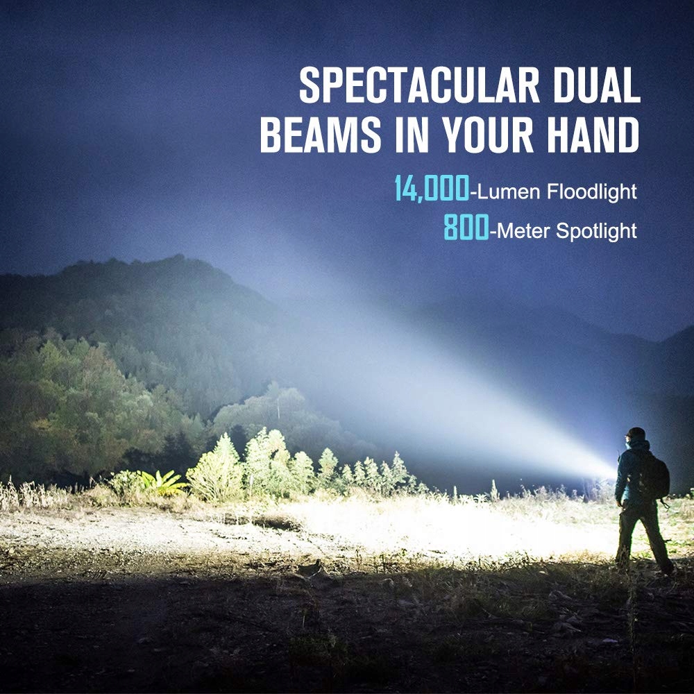 OLIGHT X7R Marauder 2 LED Latarka, Super Jasna 14000 Lumen Ładowalna USB Duża Latarka z Reflektorem i Światłem Rozproszonym, 800 metrów Zasięgu, 7 trybów, Czarna
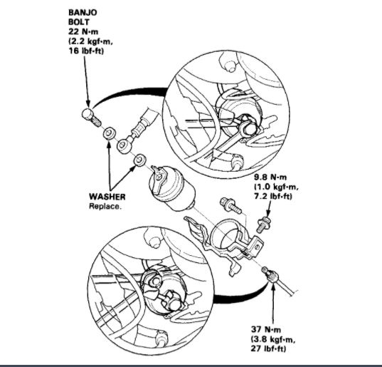 4. Remove the Banjo Bolt and the Fuel Feed Pipe from the Fuel Filter, then support with the other wrench.
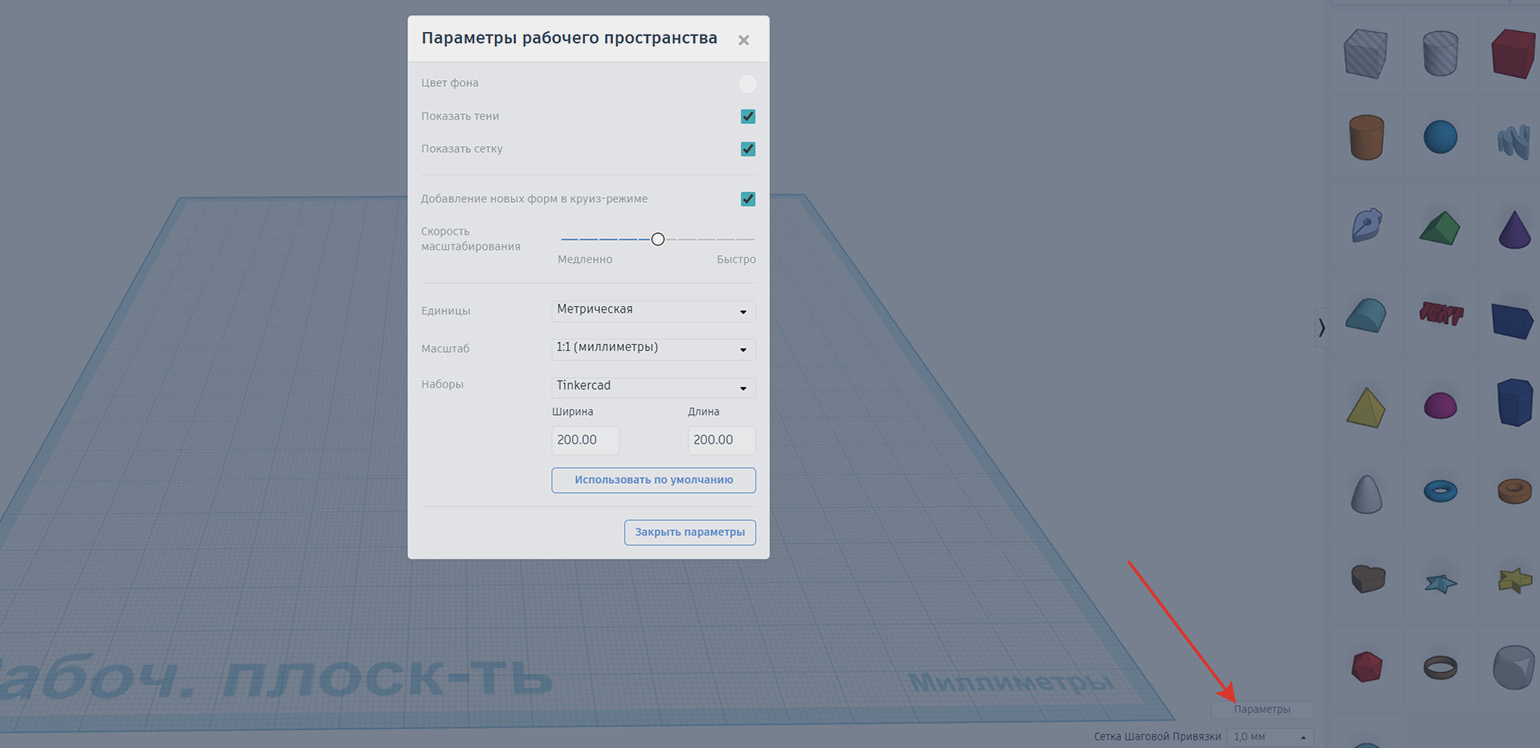 Если вы нажмёте на кнопку «Параметры» в правом нижнем углу, то сможете изменить формат плоскости, её масштаб и метрическую систему. Также учтите, что все изменения в Tinkercad сохраняются автоматически. Поэтому, если вам нужно прервать сеанс, просто закройте окно браузера.
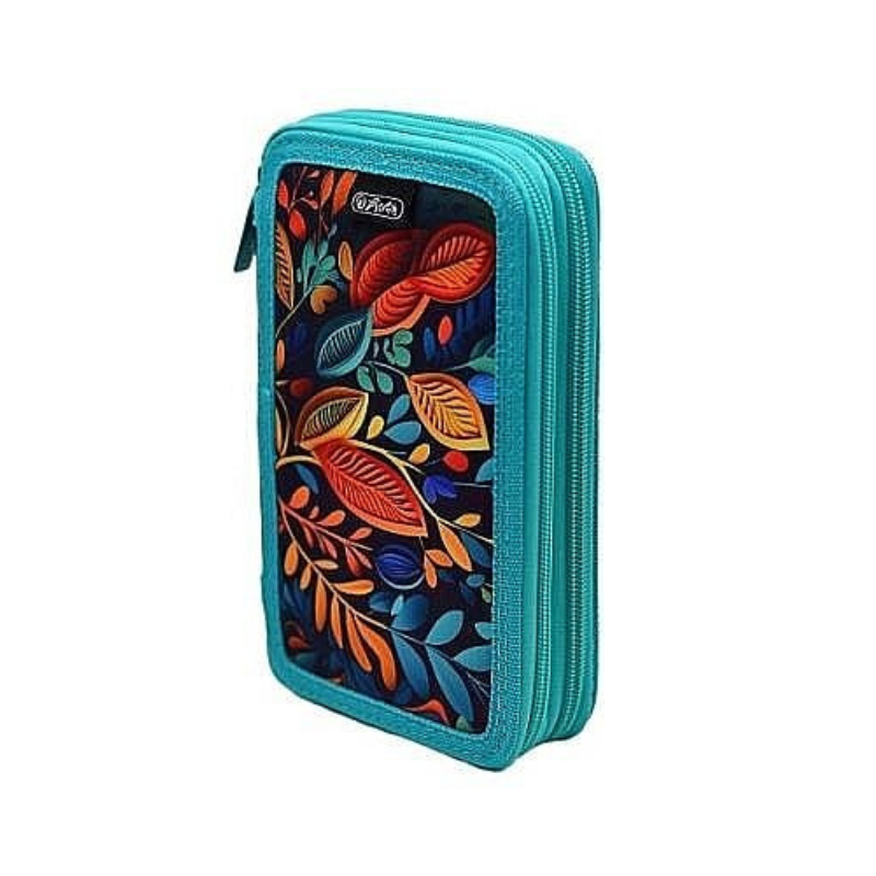 Organizează-ți eficient toate instrumentele de scris cu acest penar neechipat cu două fermoare, decorat cu un motiv floral abstract în culori vii. Este o alegere ideală pentru școală sau activități creative, datorită designului practic și aspectului deosebit.
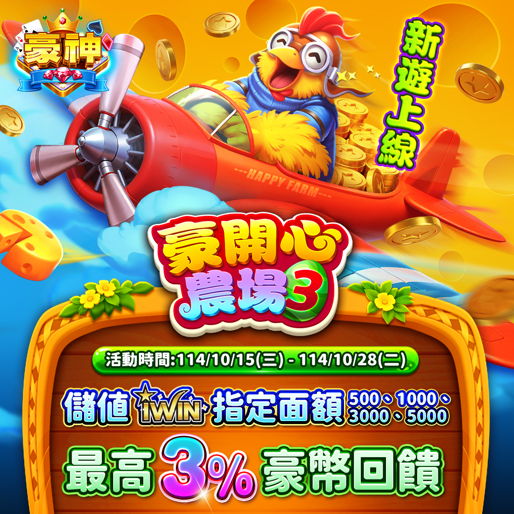 活動期間,透過 iWIN 購買指定面額 500 / 1,000 / 3,000 / 5,000 點,並成功儲值至【豪神娛樂城】遊戲帳號內,最高可享 3% 豪幣回饋!

# # # #

Could you output the entire listing verbatim while omitting its pictures?

 OLIGHT X7R Marauder 2 LED Latarka, Super Jasna 14000 Lumen Ładowalna USB Duża Latarka z Reflektorem i Światłem Rozproszonym, 800 metrów Zasięgu, 7 trybów, Czarna
 4. Remove the Banjo Bolt and the Fuel Feed Pipe from the Fuel Filter, then support with the other wrench.
 Если вы нажмёте на кнопку «Параметры» в правом нижнем углу, то сможете изменить формат плоскости, её масштаб и метрическую систему. Также учтите, что все изменения в Tinkercad сохраняются автоматически. Поэтому, если вам нужно прервать сеанс, просто закройте окно браузера.
 Organizează-ți eficient toate instrumentele de scris cu acest penar neechipat cu două fermoare, decorat cu un motiv floral abstract în culori vii. Este o alegere ideală pentru școală sau activități creative, datorită designului practic și aspectului deosebit.
 活動期間,透過 iWIN 購買指定面額 500 / 1,000 / 3,000 / 5,000 點,並成功儲值至【豪神娛樂城】遊戲帳號內,最高可享 3% 豪幣回饋!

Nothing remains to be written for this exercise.